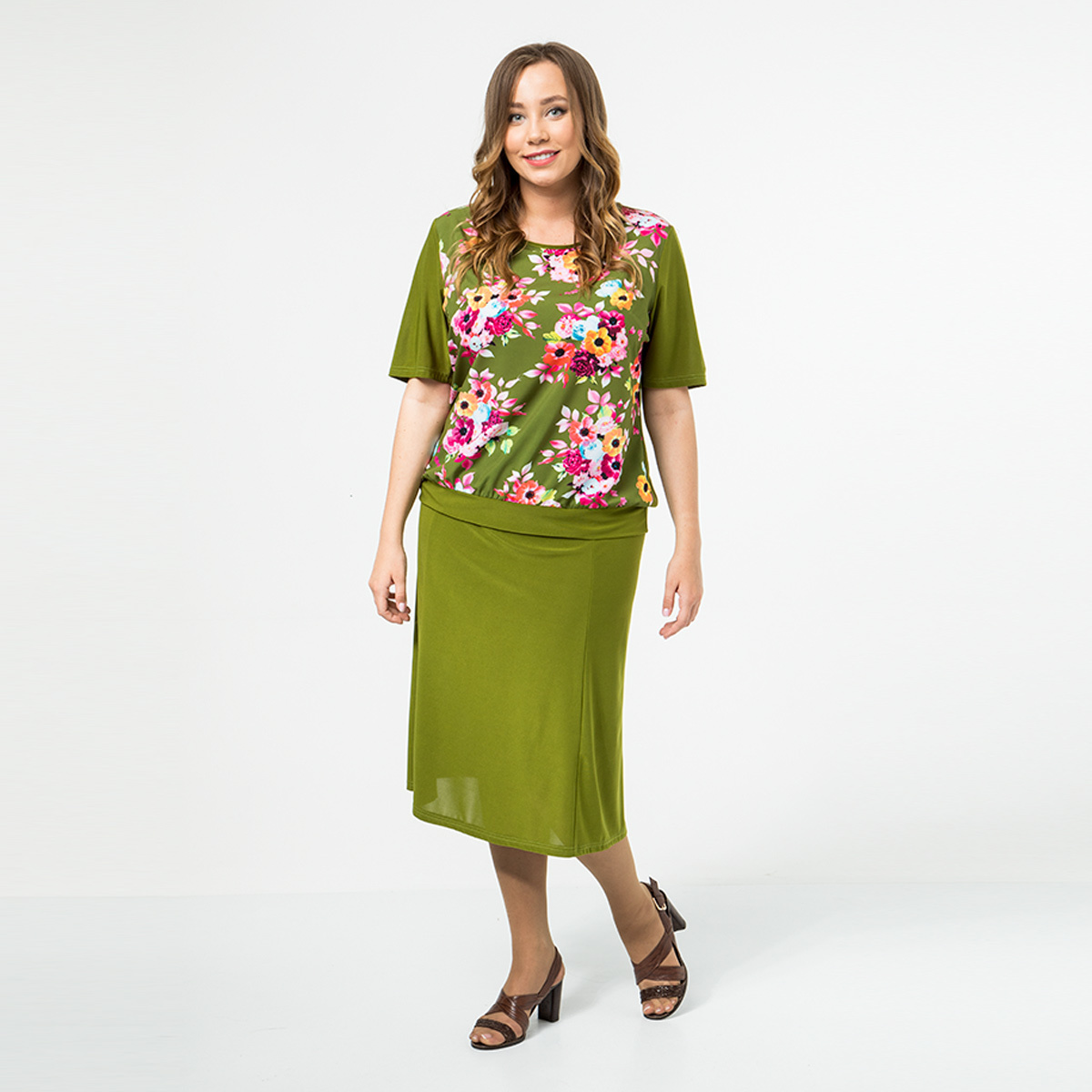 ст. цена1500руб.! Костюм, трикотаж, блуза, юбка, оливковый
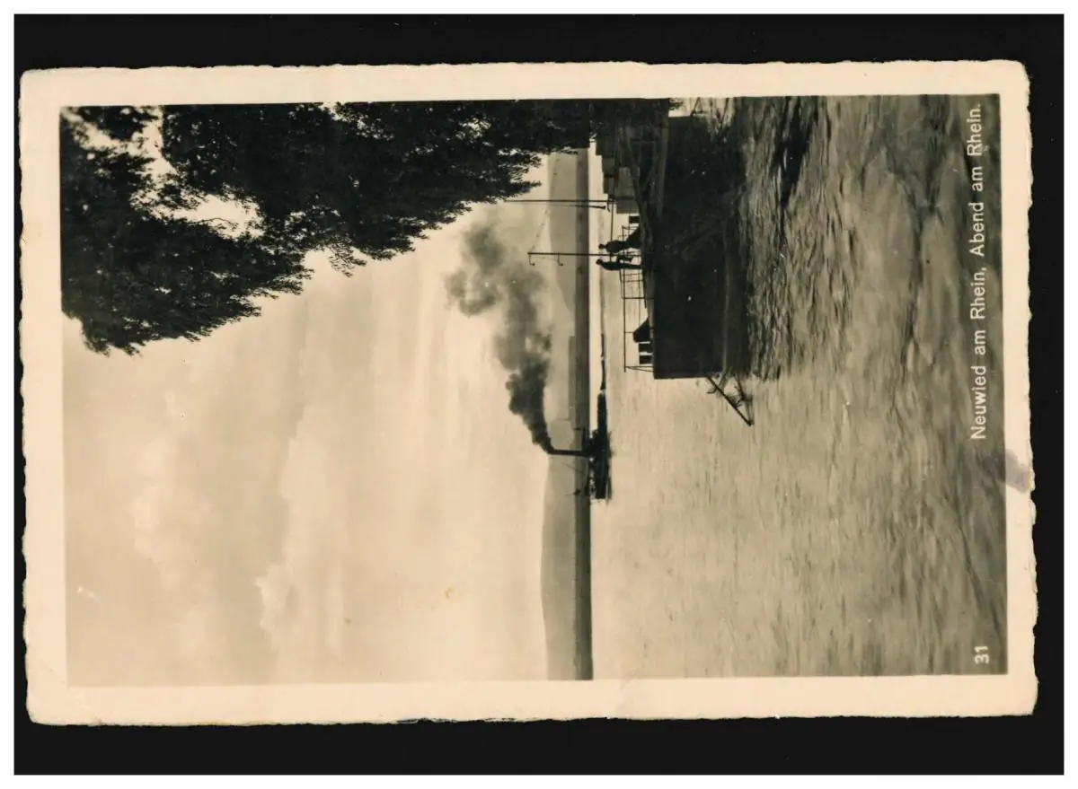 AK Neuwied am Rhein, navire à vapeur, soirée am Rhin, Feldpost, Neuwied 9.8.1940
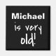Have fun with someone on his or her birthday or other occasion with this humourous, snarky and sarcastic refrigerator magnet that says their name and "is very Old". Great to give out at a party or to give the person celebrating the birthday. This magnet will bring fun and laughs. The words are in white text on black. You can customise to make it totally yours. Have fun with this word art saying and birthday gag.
==============================
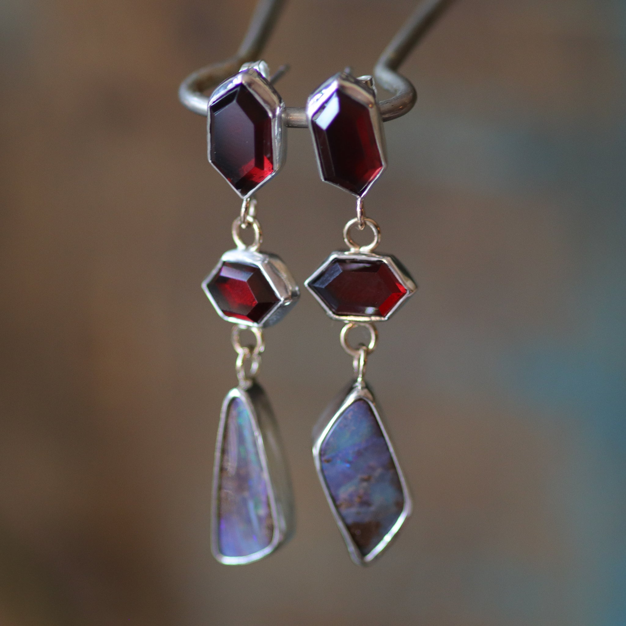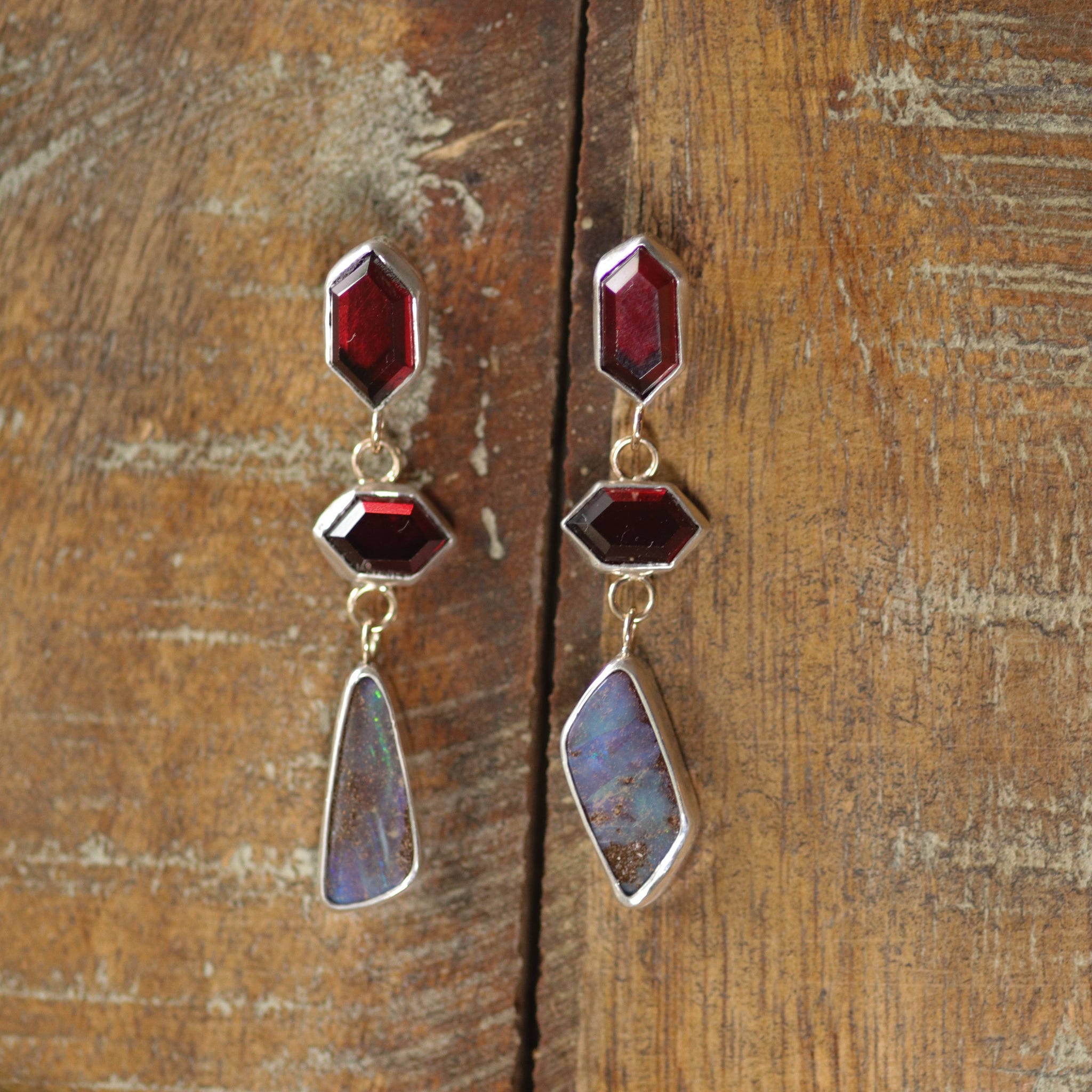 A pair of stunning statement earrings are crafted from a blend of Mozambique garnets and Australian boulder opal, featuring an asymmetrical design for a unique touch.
==============================
■ Exercise instructions
Go down the entries above from the line containing "ст. цена1500руб.! Костюм, трикотаж, блуза, юбка, оливковый" to the line containing "Have fun with someone" and write out each line exactly, leaving pictures out.

■ Answer box
 ст. цена1500руб.! Костюм, трикотаж, блуза, юбка, оливковый
 AK Neuwied am Rhein, navire à vapeur, soirée am Rhin, Feldpost, Neuwied 9.8.1940
Have fun with someone on his or her birthday or other occasion with this humourous, snarky and sarcastic refrigerator magnet that says their name and "is very Old". Great to give out at a party or to give the person celebrating the birthday. This magnet will bring fun and laughs. The words are in white text on black. You can customise to make it totally yours. Have fun with this word art saying and birthday gag.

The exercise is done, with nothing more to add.